- Entries shown -

■ ■ ■ ■ ■

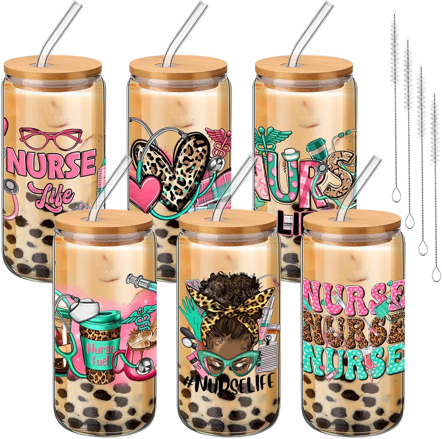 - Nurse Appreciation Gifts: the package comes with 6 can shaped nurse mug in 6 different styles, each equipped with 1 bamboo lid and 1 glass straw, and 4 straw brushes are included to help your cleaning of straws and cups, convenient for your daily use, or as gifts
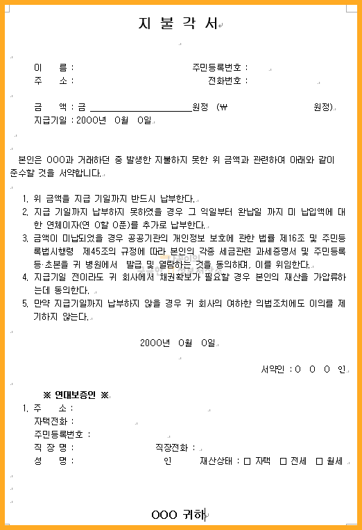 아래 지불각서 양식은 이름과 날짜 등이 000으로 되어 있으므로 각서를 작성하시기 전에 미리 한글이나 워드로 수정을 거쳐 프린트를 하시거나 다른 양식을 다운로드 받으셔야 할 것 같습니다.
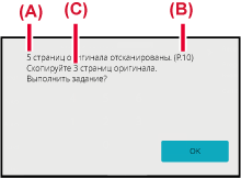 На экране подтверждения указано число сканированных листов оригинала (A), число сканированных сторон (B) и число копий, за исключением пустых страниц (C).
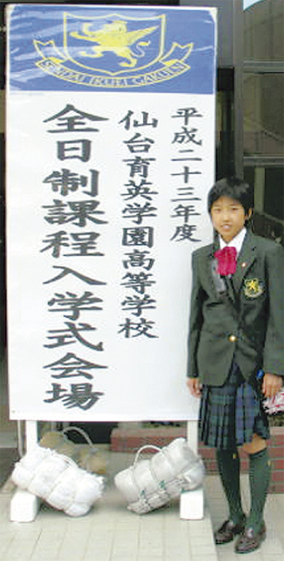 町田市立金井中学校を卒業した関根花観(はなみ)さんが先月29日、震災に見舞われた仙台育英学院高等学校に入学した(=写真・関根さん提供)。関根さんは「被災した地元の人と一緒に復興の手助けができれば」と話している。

■ ■ ■ ■ ■

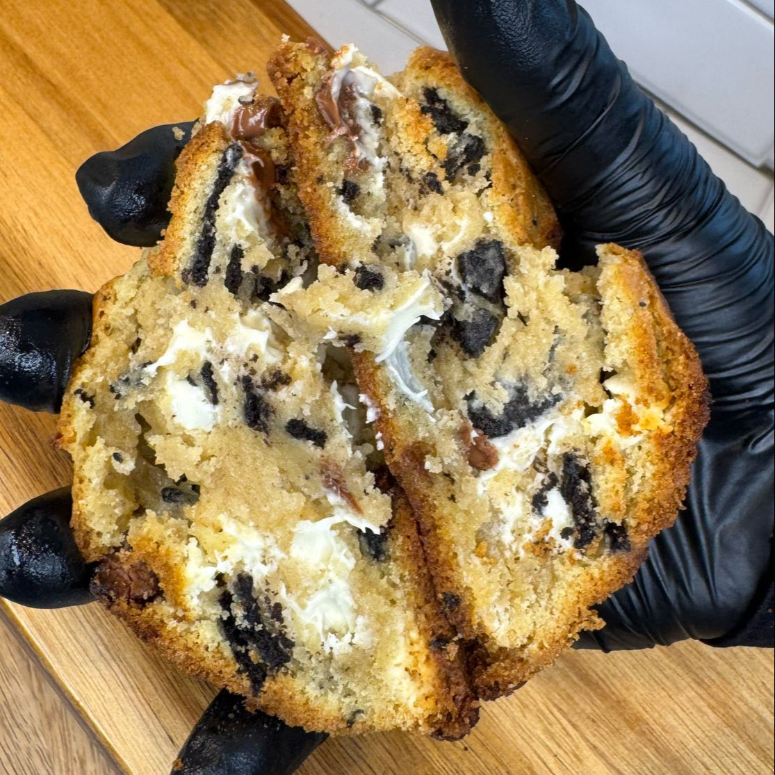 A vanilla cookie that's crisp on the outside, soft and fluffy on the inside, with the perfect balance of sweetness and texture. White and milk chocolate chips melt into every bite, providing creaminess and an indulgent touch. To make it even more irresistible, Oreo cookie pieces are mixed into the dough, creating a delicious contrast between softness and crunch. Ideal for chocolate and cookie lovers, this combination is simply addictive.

■ ■ ■ ■ ■

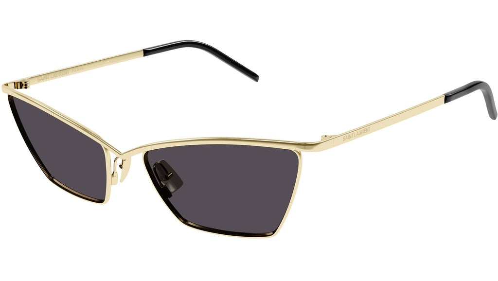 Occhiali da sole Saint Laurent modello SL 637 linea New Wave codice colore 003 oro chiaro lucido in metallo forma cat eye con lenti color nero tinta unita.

■ ■ ■ ■ ■

- About this task -
Nothing but the lines from the one with "아래 지불각서 양식은" to the one with "町田市立金井中学校を卒業した" above, both included, should be transcribed, exactly and without pictures.

- Finished task -
 아래 지불각서 양식은 이름과 날짜 등이 000으로 되어 있으므로 각서를 작성하시기 전에 미리 한글이나 워드로 수정을 거쳐 프린트를 하시거나 다른 양식을 다운로드 받으셔야 할 것 같습니다.
 На экране подтверждения указано число сканированных листов оригинала (A), число сканированных сторон (B) и число копий, за исключением пустых страниц (C).
 町田市立金井中学校を卒業した関根花観(はなみ)さんが先月29日、震災に見舞われた仙台育英学院高等学校に入学した(=写真・関根さん提供)。関根さんは「被災した地元の人と一緒に復興の手助けができれば」と話している。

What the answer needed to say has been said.